I think using different allocators is good, I just think letting different allocators errors bubble up into the same code path via try is bad, because the call site would have trouble to recognize, whether the global allocator is out of memory or some smaller more specialized one.

So if you want to handle some of the out of memory errors, it is useful to know whether that error came from some allocator, where you want to use some kind of fallback. If you catch and crash the ones that aren’t supposed to be handled, that is one way to avoid mixing that error, with another one, that might make sense to handle.

You can decide that every OOM crashes, but I feel like there are cases where you use allocators for certain things, where it may make sense to sometimes do something different. For example if your game has developer tools, maybe those should try not to crash the game, so that you still can gain insights into a program that is about to crash. I also think developer tools are a great option for something where pre allocating a buffer may make sense and a build option to compile them in or not.

You also could pass in multiple allocators, I think this is mostly a difference in personal preferences, in how to structure code (I don’t care if the allocator is passed in or managed in some data structure), mixed with me not knowing how your code actually looks like (apart from snippets).

I agree that mixing your temporary working memory data into your results data in the same allocator isn’t good.

Maybe you setup/configure those allocators somewhere else, in some other way that is flexible.

I don’t have a save system yet, but I would want it to be resistant against all kinds of crashes (that would allow shipping some versions of the game in ReleaseSafe for finding bugs/UB). At the very least I want to guarantee that the save is not corrupted. A few seconds of progress might still be lost though, but I’ll try to keep progress loss at a minimum without having to constantly write stuff to disk.

That is a good point.
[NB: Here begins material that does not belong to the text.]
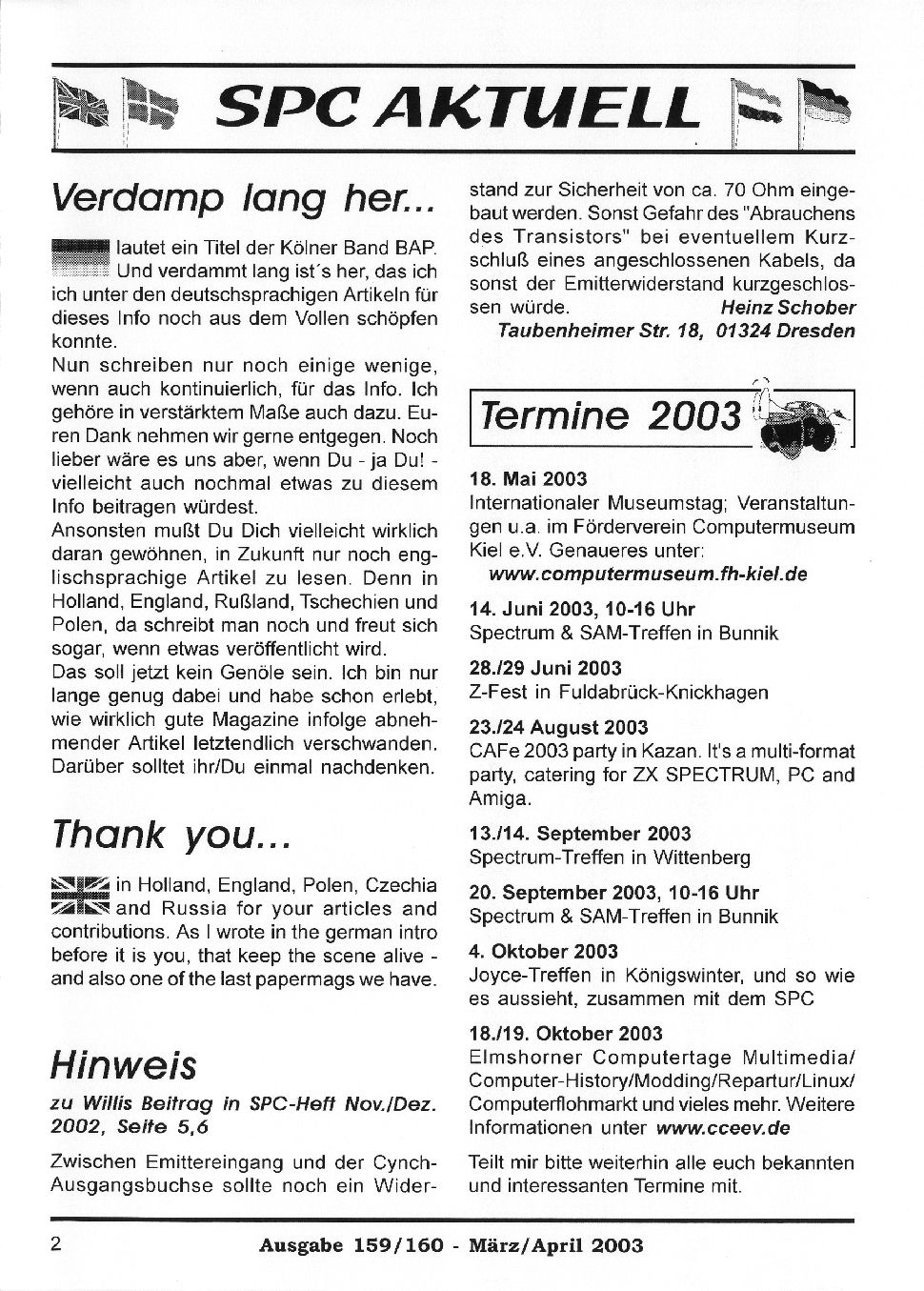 Magazine : SPC Magazin (German) Issue : 159 Page : 2 Date: March 2003 Medium : Paper Updated On : 2020-06-04 04:59:54 Hi-res : No 12345...3536

Especially logging is something that shouldn’t crash the game.
But at the same time, if some developer tools hits out of memory of the global allocator, then I’d argue that some other code of the game would probably hit it next, so it wouldn’t really make a difference in the end.
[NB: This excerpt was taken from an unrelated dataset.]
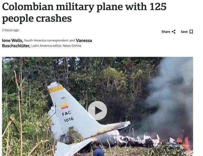 哥伦比亚一载有125人军机坠毁 已有数十人获救
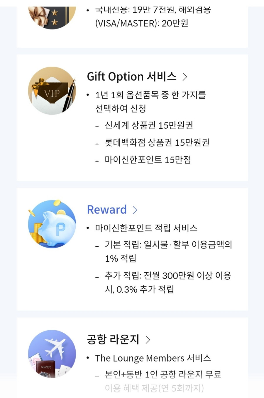 - 동반 이용 필요 시: 동반 입장이 가능한 신한 클래식 V 카드나 제이드 카드를 고려해보세요. 특히 가족과 함께 여행하시는 분들께 유용합니다.

To clarify - this is specifically related to try. In the case where the global allocator via a free function is handling it’s own issues, we avoid the issue of crossing streams and creating error ambiguity.
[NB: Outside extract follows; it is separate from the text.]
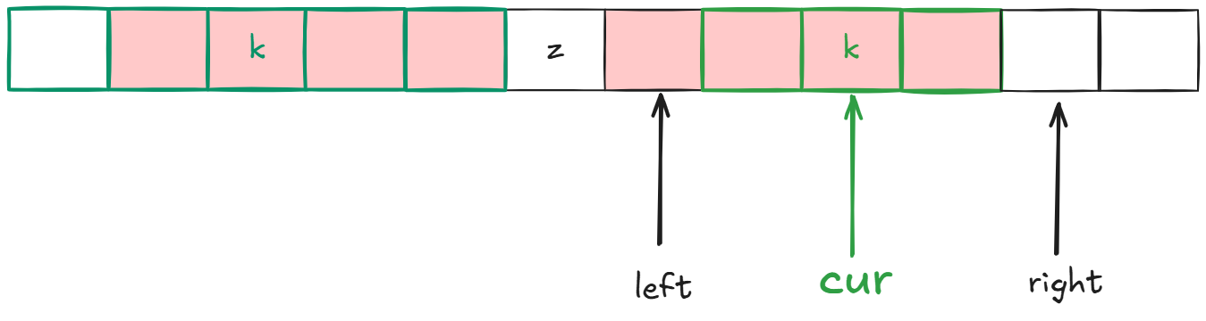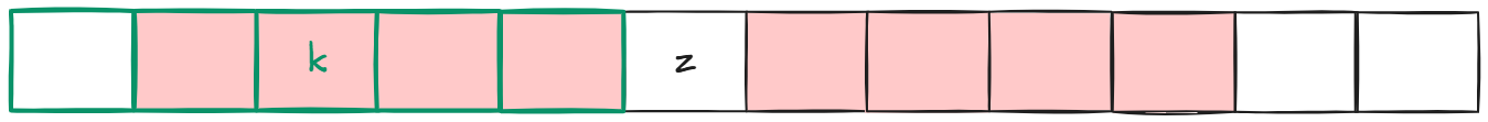 这三个字符一定是相等的,因此我们就确定了以z右边的k为中心的回文子串长度是多少,那么下次到了k,我们就能从不能确定的位置开始比较:

FWIW, allocation failure is not always unrecoverable. In many cases, the user is simply running too much stuff at the time, and retrying later or prompting the user can alleviate the issue.

It’s been a few days and based on what @AndrewCodeDev suggested I started doing the following:
I made a ErrorHandlingAllocator which works basically like most other Allocators, it has a backing Allocator and if an allocation in the backing Allocator failed, it calls some error handling function, which in my case just crashes, but it could easily be extended with some sort of garbage collection+retry mechanism:

    fn alloc(ctx: *anyopaque, len: usize, ptr_align: u8, ret_addr: usize) ?[*]u8 {
		const self: *ErrorHandlingAllocator = @ptrCast(@alignCast(ctx));
		return self.backingAllocator.rawAlloc(len, ptr_align, ret_addr) orelse handleError();
	}

Secondly I made a wrapper over the Allocator interface which I called NeverFailingAllocator. It basically just calls all the Allocator functions with catch unreachable:

	pub fn create(self: NeverFailingAllocator, comptime T: type) *T {
		return self.allocator.create(T) catch unreachable;
	}

I think this is working quite well. I can still easily interface with library functions by unwrapping the NeverFailingAllocator, but most of my code can assume that allocations won’t fail, since failure is handled in one central location.

Overall I went from 1400 trys down to just 230 and I also cut down around 40 unnecessary catches that catched OutOfMemory to satisfy some arbitrary interface decisions.
I think this will make it a lot easier to get a picture of where I get real errors and hopefully I’ll have an easy time adding errdefers and error handling code around these.

However, I sadly had to add around 170 catch unreachable to stdlib functions like ArrayList.append(). I think I’ll probably implement my own list and maybe a wrapper for the HashMap to reduce that number.